Wang Xue-li, Zhang Ling-min, Tang Fu-xing, Guo Zu-wen, Wu Chun-yun, Xiong Zhong-jin
Department of Parasitology, Medical College, Jinan University, Guangzhou 510632.
Zhongguo Ji Sheng Chong Xue Yu Ji Sheng Chong Bing Za Zhi. 2002;20(4):216-9.
To explore possible mechanisms of hepatic fibrosis by investigating the ultrastructural dynamic changes of liver tissue, especially several kinds of cells related to hepatic fibrosis.
Murine schistosomal hepatic fibrosis model was established by infecting mice with Schistosoma japonicum cercariae. Routine transmission electron microscopy was used to observe the liver tissue. H.E. staining was used for examining the pathological changes.

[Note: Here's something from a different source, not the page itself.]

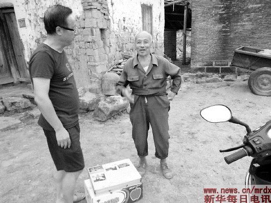 | ▲胡学发(左)生前走访贫困户。 新华社发 |
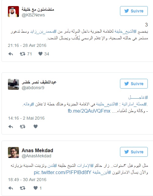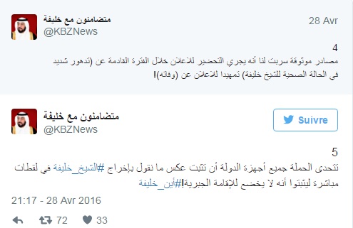 وأضافت: "مصادر موثوقة سربت لنا أنه يجري التحضير للإعلان خلال الفترة القادمة عن (تدهور شديد في الحالة الصحية للشيخ خليفة) تمهيدا للإعلان عن (وفاته)!".

H.E. staining showed that the model was established successfully. Ultrastructural observation showed that at the 6th week after infection, the necrosis of hepatocytes around the acute granulomas occurred; the number of sinusoidal endothelial fenestrae and vitamin A droplets in fat-storing cells decreased; large phagosomes and rough endoplasmic reticulum could be seen in the cytoplasm of Kupffer's cells. At the 8th week, steatosis was found in some hepatocytes, some microvilli emerged on a few inter-hepatocytic surfaces and the inter-hepatocytic spaces were enlarged. Large collagen fibrillar bundles filled in the perisinusoidal spaces, and capillarization of hepatic sinusoids was observed. Secretory vesicles filled with collagen fibrils appeared in the cytoplasm of fat-storing cells with large amount of collagenous fiber bundles surround the cells. Rough endoplasmic reticulum increased in Kupffer's cells. At the 10th week, fat-storing cells were activated and transformed into myofibroblasts. At the 12th week, the number of myofibroblasts decreased but that of fibroblasts and fiber cells increased.
Activation of fat-storing cells and transformation from fat-storing cells into myofibroblasts are the critical link in the development of hepatic fibrogenesis following schistosome infection. Kupffer's cells, necrotic hepatocytes and sinusoidal endothelial cells may relate to the activation of fat-storing cells. Capillarization of hepatic sinusoids possibly accelerates the development of hepatic fibrosis.
通过研究肝组织超微结构的动态变化,特别是几种与肝纤维化相关的细胞,探讨肝纤维化的可能机制。
用日本血吸虫尾蚴感染小鼠建立小鼠血吸虫性肝纤维化模型。采用常规透射电子显微镜观察肝组织。苏木精-伊红(H.E.)染色用于检查病理变化。
H.E.染色显示模型成功建立。超微结构观察显示,感染后第6周,急性肉芽肿周围的肝细胞发生坏死;贮脂细胞的窗孔和维生素A滴数量减少;库普弗细胞的细胞质中可见大吞噬体和粗面内质网。第8周,部分肝细胞出现脂肪变性,部分肝血窦壁微绒毛增多,肝血窦壁间隙增宽。肝血窦周围间隙充满粗大的胶原纤维束,可见肝血窦毛细血管化。贮脂细胞的细胞质中出现充满胶原纤维的分泌小泡,细胞周围有大量胶原纤维束。库普弗细胞的粗面内质网增多。第10周,贮脂细胞活化并转化为肌成纤维细胞。第12周,肌成纤维细胞数量减少,但成纤维细胞和纤维细胞数量增加。
贮脂细胞的活化以及从贮脂细胞向肌成纤维细胞的转化是血吸虫感染后肝纤维化发生发展的关键环节。库普弗细胞、坏死肝细胞和肝血窦内皮细胞可能与贮脂细胞的活化有关。肝血窦毛细血管化可能加速肝纤维化的发展。